Histórias de Moçambique (2) - O Domoína
[443] - Na década de oitenta, o Sul de Moçambique foi fustigado por uma violenta depressão tropical, o Domoína.
Seriam talvez umas seis da tarde quando tudo começou. Durante doze horas, chuva torrencial abateu-se sobre Maputo, empurrada por ventos ciclónicos que atingiram os 180 km /h. Na manhã seguinte dei uma volta pela cidade, sob um céu cinzento leitoso. O mar apresentava uma calmaria assustadora, mais parecendo uma folha de alumínio e as ruas e avenidas da cidade estavam pejadas de árvores de grande porte virtualmente arrancadas pela força do fenómeno.

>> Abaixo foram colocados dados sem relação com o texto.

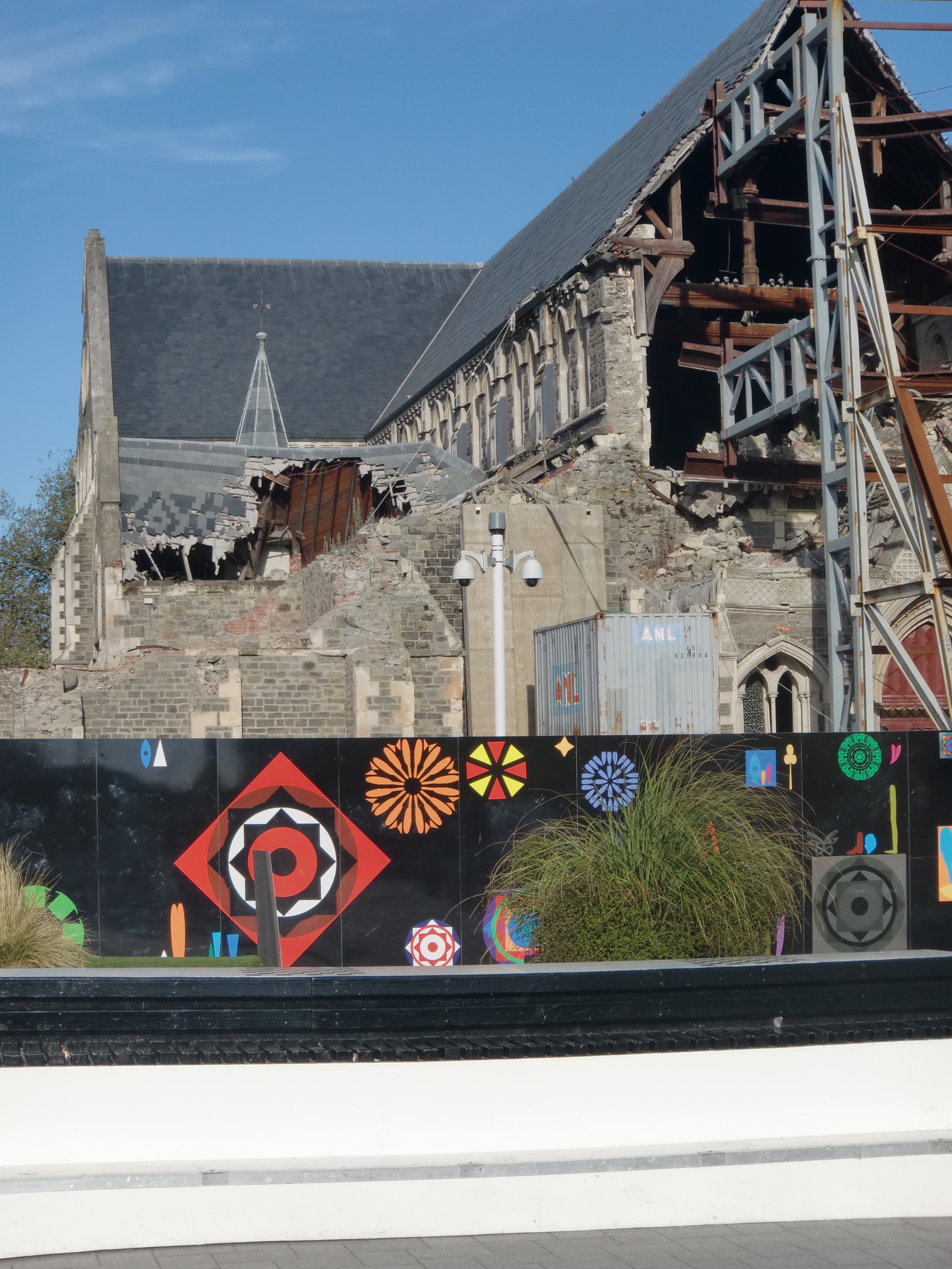 The damage to the main catherdral done by the 2011 earthquake in Christchurch, New Zealand.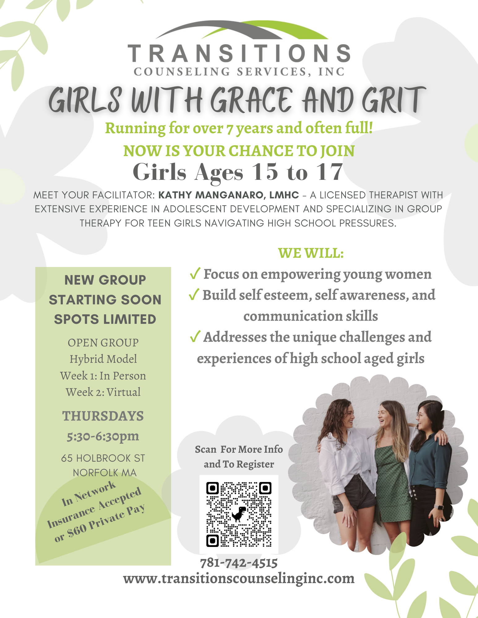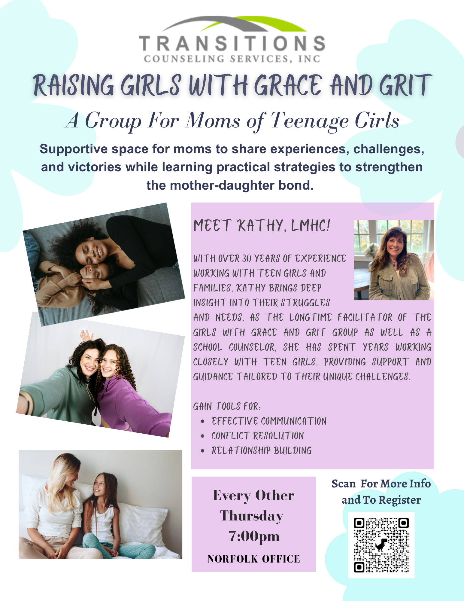 RAISING GIRLS WITH GRACE AND GRIT!: A Group for Moms of Teenage Daughters. This group provides a supportive space for moms to share experiences, challenges, and victories while learning practical strategies to strengthen the mother-daughter bond. I am a mom myself who has led the Girls with Grace and Grit Group for six years, working closely with teen girls and gaining valuable insight into their struggles and needs. Through a combination of discussion, real-life scenarios, and evidence-based strategies, moms will gain tools for effective communication, conflict resolution, and relationship-building—helping them support their daughters while fostering independence and mutual understanding. Join us and connect with other moms who understand the journey. Together, we can navigate the challenges of raising strong, resilient daughters with both grace and grit!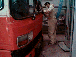Preparation is all, and here air-powered mechanical disk sanders are being used to get the surface ready for painting.

Cerca do meio dia as notícias chegavam mais concretas. A destruição incidira naturalmente no "caniço", onde muita gente ficara sem casa e a cidade de cimento estava sem água e sem luz. Muitos carros apareciam também empurrados contra as árvores e ninguém parecia conhecer exactamente a dimensão da tragédia.
Foi já pela tarde que se percebeu que havia alguns milhares de pessoas virtualmente isoladas ao longo dos rios Maputo, Tembe e Umbelúzi e havia que fazer alguma coisa. A rádio lançou um apelo a todos os possuidores de embarcações de recreio para ajudarem a recolher vítimas da enxurrada.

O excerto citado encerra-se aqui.